As the Uniform Accounting tearsheet for Meta Platforms highlights, its Uniform P/E trades at 12.7x, which is below the global corporate average of 19.7x and its historical average of 17.2x.

Low P/Es require low, and even negative, EPS growth to sustain them. That said, in the case of Meta Platforms, the company has recently shown 42% Uniform EPS growth.

Wall Street analysts provide stock and valuation recommendations that, in general, provide very poor guidance or insight. However, Wall Street analysts’ near-term earnings forecasts tend to have relevant information.

We take Wall Street forecasts for GAAP earnings and convert them to Uniform earnings forecasts.
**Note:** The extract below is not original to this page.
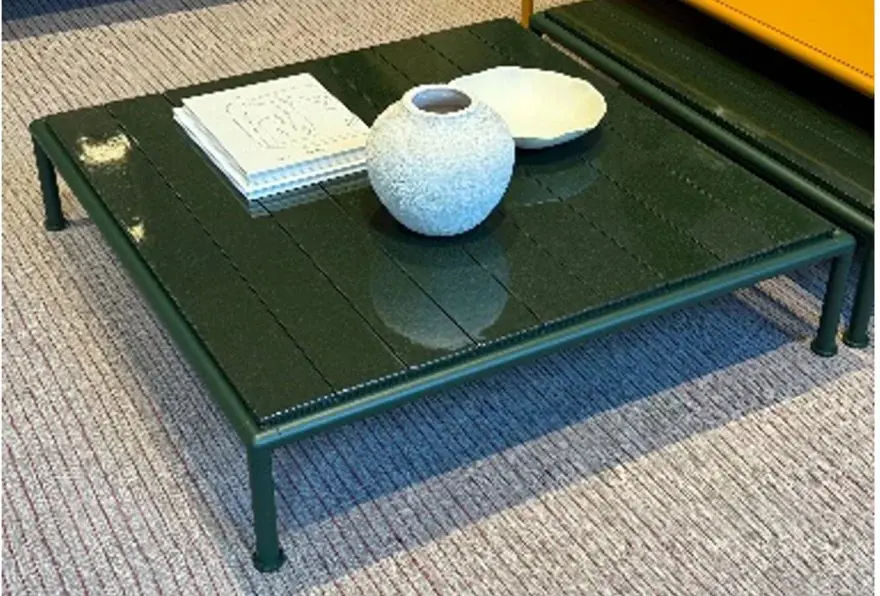 In questa versione quadrata, il Tavolino da giardino Roè presenta una struttura in alluminio verniciato Verde Bottiglia, una finitura elegante e resistente, pensata per durare nel tempo anche all’aperto. Inoltre, il piano in pietra lavica Foresta aggiunge profondità materica e un forte valore estetico, valorizzando l’intera composizione.

When we do this, Meta Platforms’ Wall Street analyst-driven forecast is for EPS to decline by 17% in 2022 but grow by 6% in 2023.

Based on the current stock market valuations, we can use earnings growth valuation metrics to back into the required growth rate to justify Meta Platforms’ $171 stock price. These are often referred to as market embedded expectations.

The company is currently being valued as if Uniform earnings were to shrink by 12% annually over the next three years. What Wall Street analysts expect for Meta Platforms’ earnings growth is below what the current stock market valuation requires in 2022, but above that requirement in 2023.

Furthermore, the company’s earning power is 7x the long-run corporate average. Also, cash flows and cash on hand are nearly 4x the total obligations—including debt maturities and capex maintenance. Moreover, intrinsic credit risk is 30bps. Together, these signal low operating and credit risks.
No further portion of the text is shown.